→ INSTRUCTIONS TO FOLLOW: Repeat exactly the lines of the material below that run from the "im straszy kociak" line to the "Crafted from high-quality" line, including both, and do not carry over any pictures.

Content starts

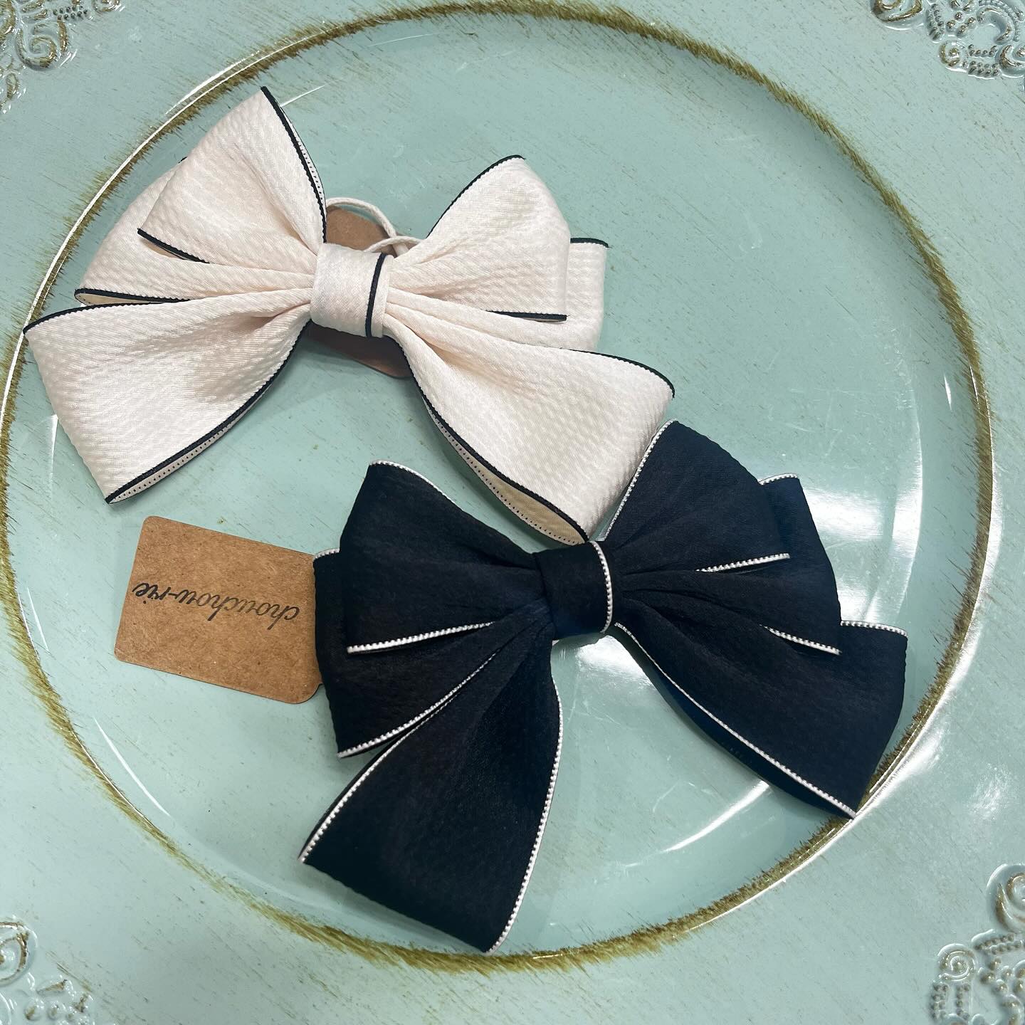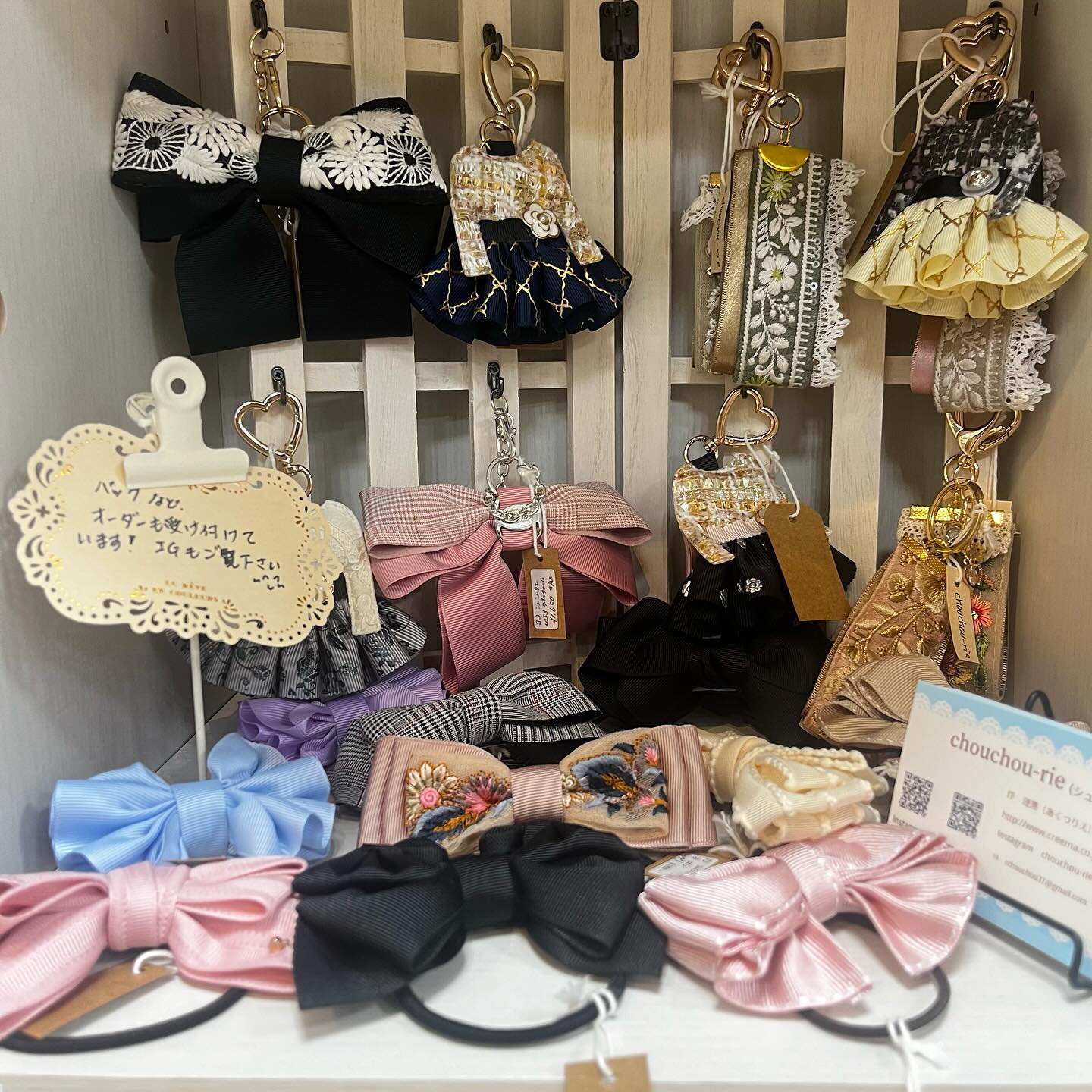 リボンのチャームにヘアクリップ
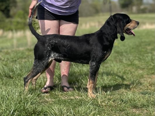 Luke is a male Bluetick Coonhound. Carefully selected as a great representative of his breed, Kacie decided to make him part of their program. Kacie has passed Good Dog’s screening process, which involved a review of their breeding practices, environment, and the mental and physical health of their dogs.
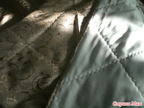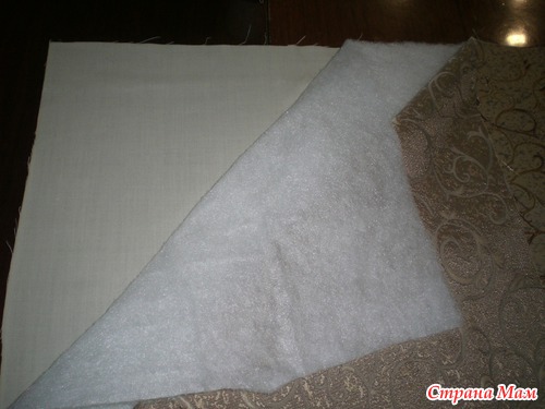 Использовала 3 материала размером 1,5 - 2,0 м.: верх шторный плотный шелк, нижняя ткань тонкая шерсть с времен СССР, а прокладочная ткань - синтепон ( самый тонкий)
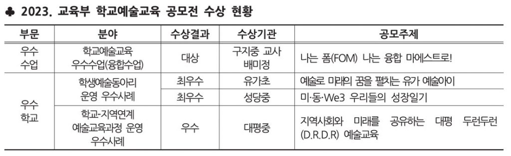 대구시교육청은 ▲우수수업 부문 중 ‘타 교과 융합수업’ 분야에서 구지중 배미정 교사가 대상을, ▲우수학교 부문 중 ‘학생예술동아리 운영 우수사례’ 분야에서 유가초, 성당중이 최우수상을, ▲우수학교 부문 중 ‘학교-지역연계 예술교육과정 운영 우수사례’ 분야에서 대평중이 우수상을 각각 수상했다.
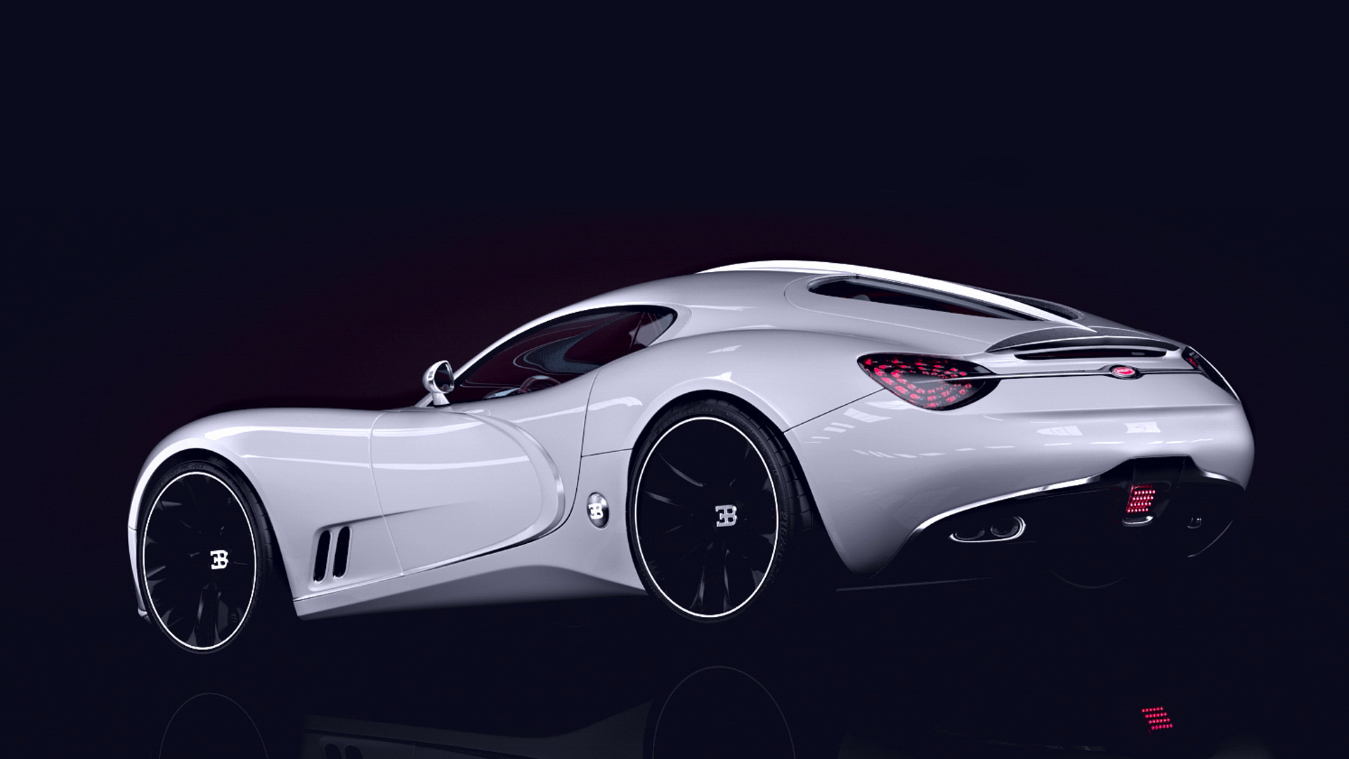 Description: A white sports car is shown in a dark room with a black background and a red light on the side.
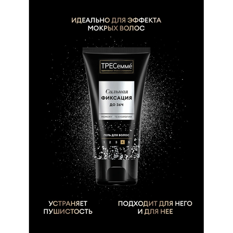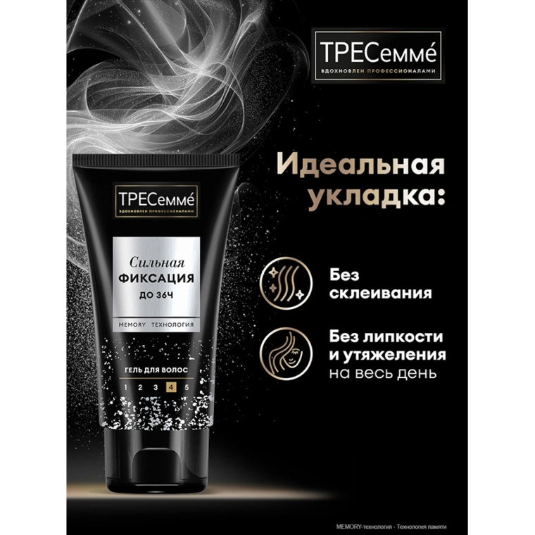 "Гель для укладки волос сильной фиксации ТРЕСеммé - косметический продукт - новинка, который несомненно станет незаменимым помощником для женщин и девушек в процессе формирования выразительных локонов, а также для мужчин в создании стильных причесок.
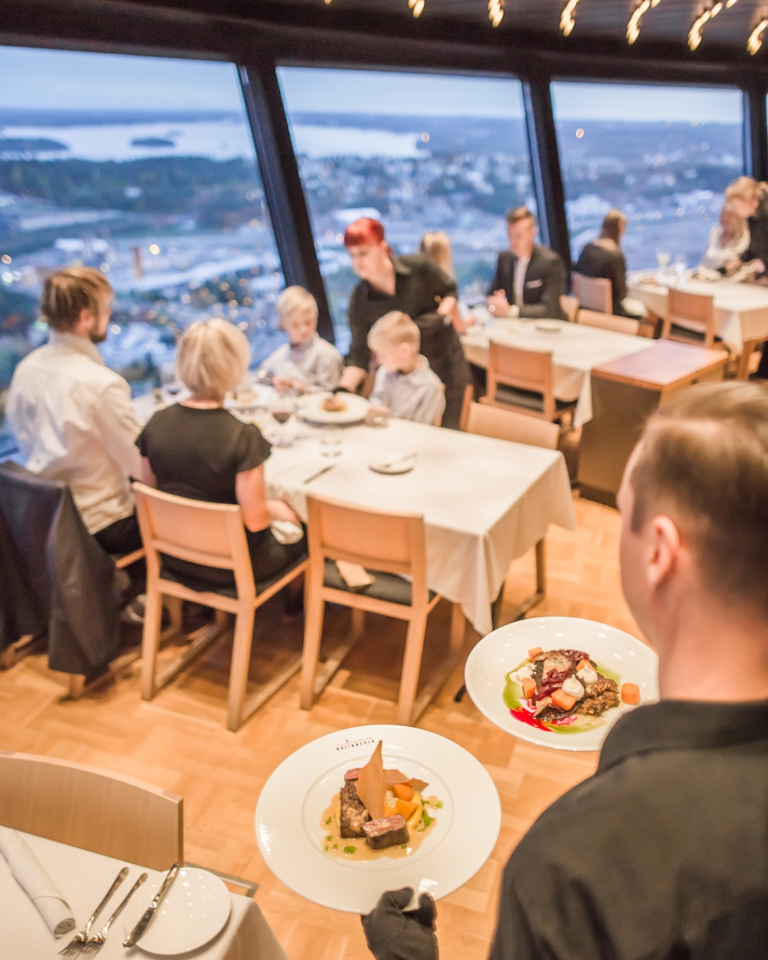 Ужин на самой высокой башне Скандинавии (120 метров!), которая ко всему прочему вращается вокруг своей оси? Да, пожалуйста! Встречайте, ресторан Näsinneula, в котором мечтают получить предложение руки и сердца практически все девушки Финляндии (и мы их понимаем!). Построенный в 1971 году как смотровая площадка, Näsinneula превращался и в роллердром с дискотекой, и в туристическое кафе, и в заведение с танцовщицами варьете, лишь в 1997 году став гастроместом с локальной кухней. Причем рос и развивался ресторан вместе со своим шеф-поваром Эвой Кокко: она проработала на башне Näsinneula всю свою жизнь, начав карьеру с позиции продавца хот-догов, а теперь отбирает лучшую спаржу, сморчки, клубнику, раков и икру ряпушки из озер Näsijärvi, «складывая» их в блюда-арт-объекты. За дегустацией в сопровождении высококлассных вин, которые подаются в австрийском стекле фирмы Riedel, не замечаешь головокружительного путешествия с видом на весь Тампере — 1 круг Näsinneula совершает за 45 минут.
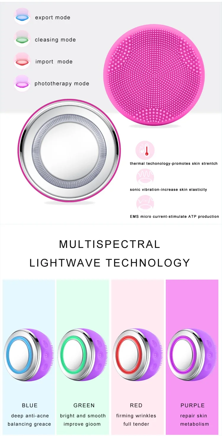 EMS светодиодный фототерапия массажер для лица Электрический силиконовый очиститель для лица щетка
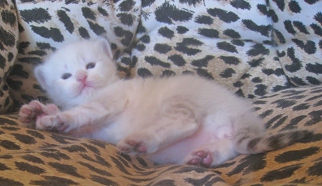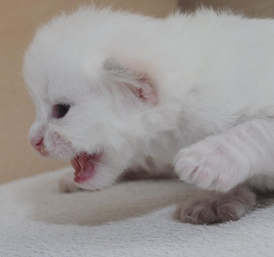 im straszy kociak tym bardziej kolor ucha od nasady wysyca sie w rudy lub kremowy kolor w zalezności czy kocię jest czarne czy niebieskie .
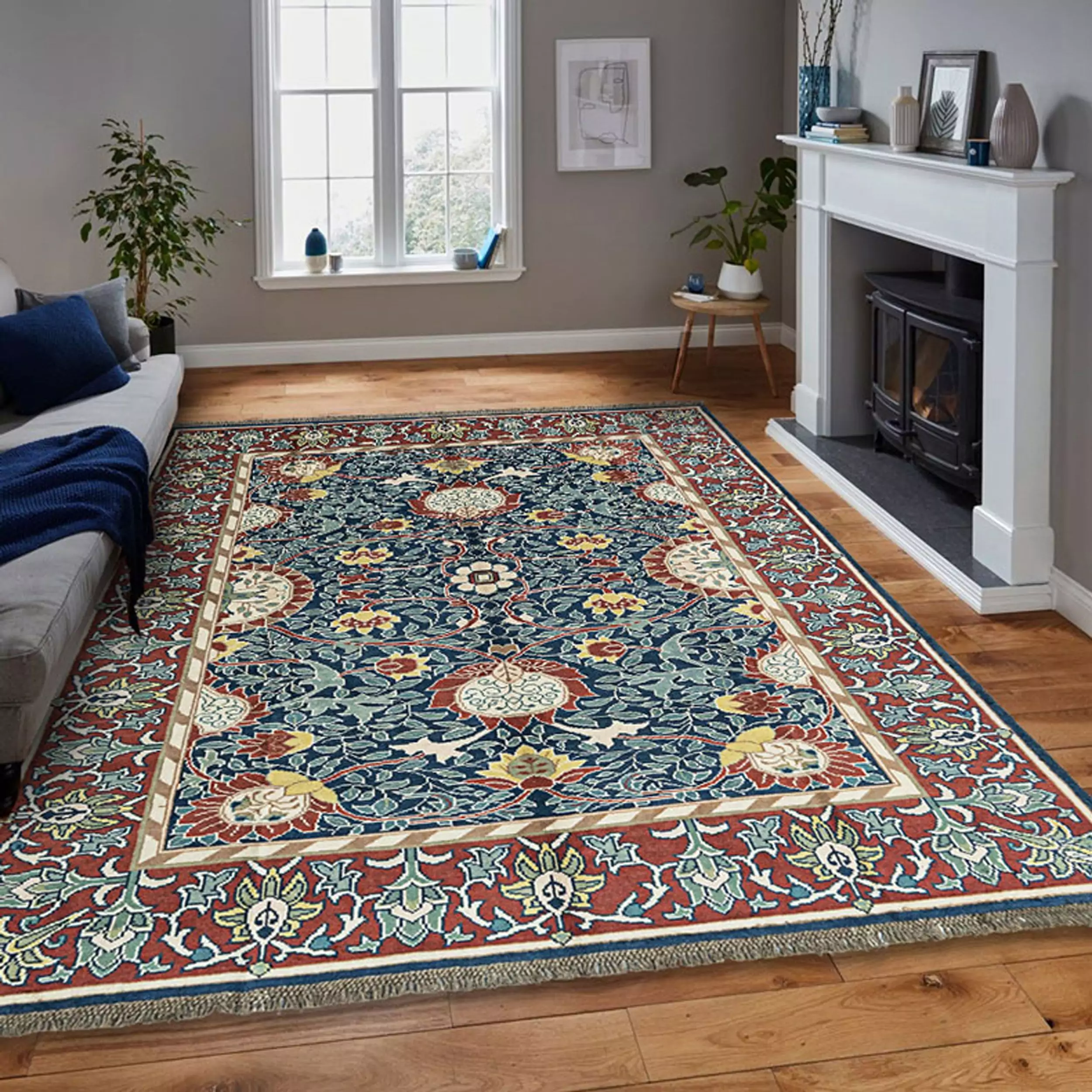 Crafted from high-quality wool and dyed with natural pigments, this rug promises both visual richness and lasting durability. Every detail—from the curvature of the vines to the symmetry of the blooms—speaks to the care and skill of the weavers, and to our dedication to preserving the spirit of Morris’s original vision.
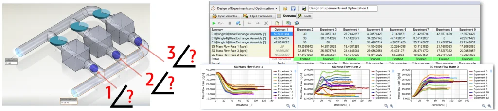 Example #3: Heat Exchanger – In this example, the Optimization tool in SOLIDWORKS Flow Simulation is used to automatically drive the angular flap angles to their optimal values in order to achieve an equal flow rate of the fluid in each one of the channels. Optimization uses a Design of Experiments (DOE) technique by running different experiments and using a user-defined objective or goal to choose the optimal solution.
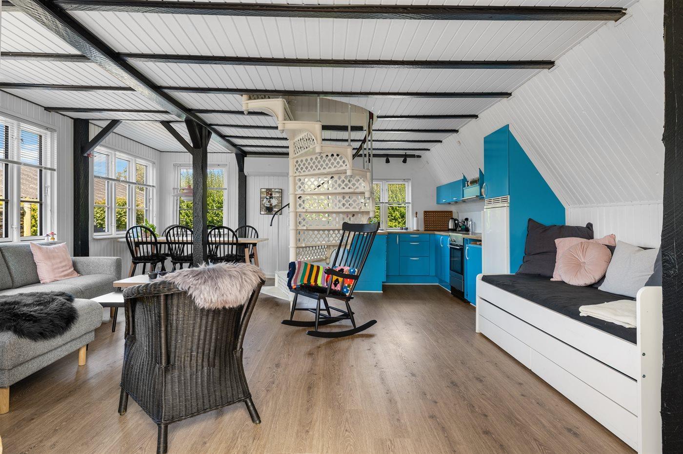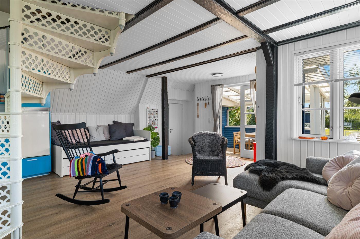Yderst hyggeligt sommerhus i to plan tæt på stranden.
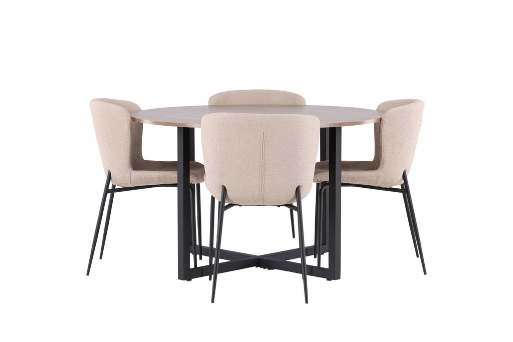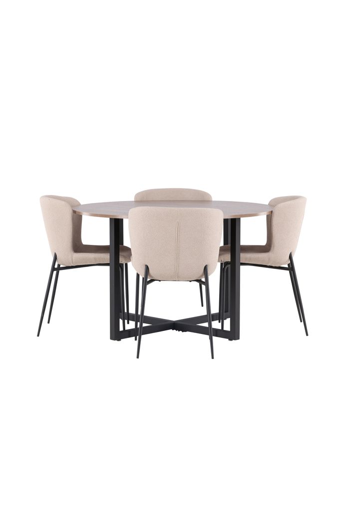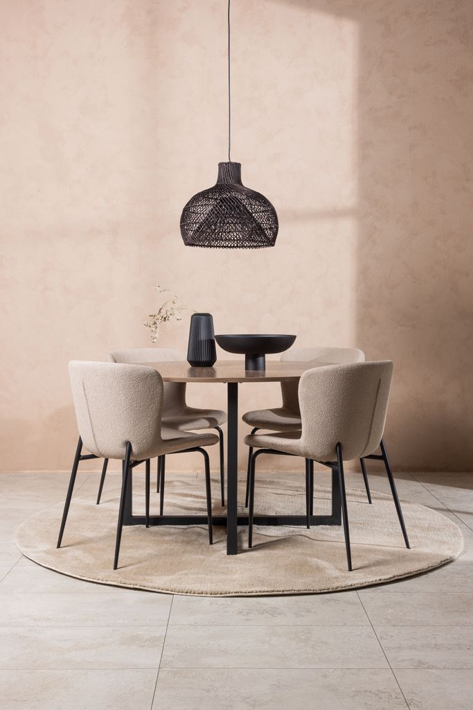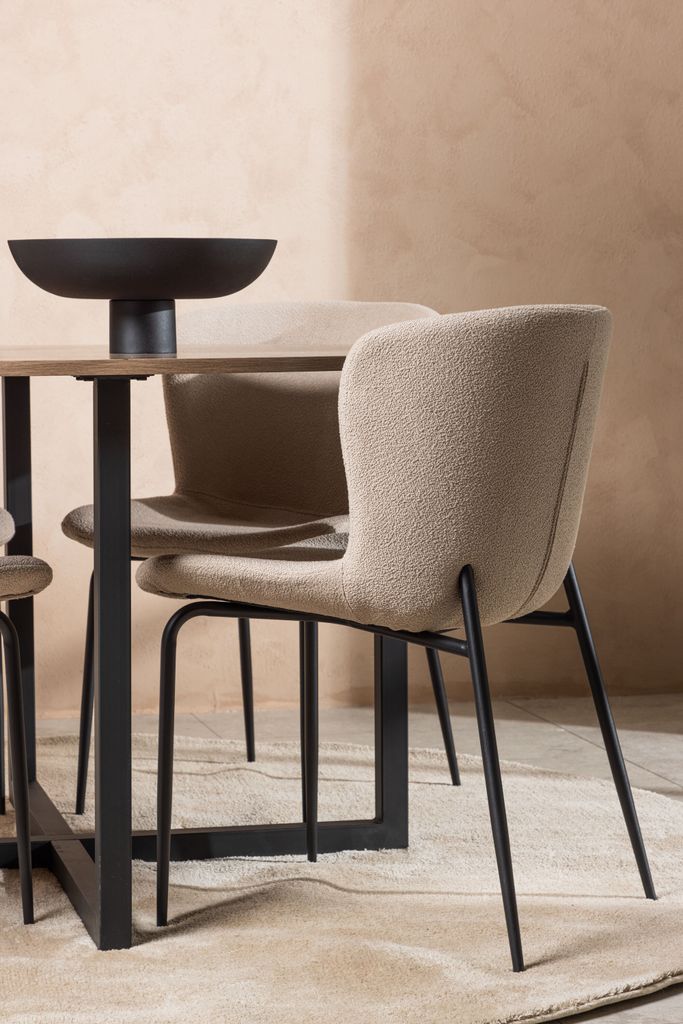 Tillsammans med bordet kommer fyra Modesto matstolar, klädda i beige lurvigt tyg som förhöjer både komfort och estetik. Stolarna har smala, stilrena ben i svart metall, och deras lätt rundade ryggstöd och stoppade sittdynor säkerställer en behaglig sittupplevelse under långvariga måltider.

Content ends

→ EXERCISE ANSWER:
 im straszy kociak tym bardziej kolor ucha od nasady wysyca sie w rudy lub kremowy kolor w zalezności czy kocię jest czarne czy niebieskie .
 Crafted from high-quality wool and dyed with natural pigments, this rug promises both visual richness and lasting durability. Every detail—from the curvature of the vines to the symmetry of the blooms—speaks to the care and skill of the weavers, and to our dedication to preserving the spirit of Morris’s original vision.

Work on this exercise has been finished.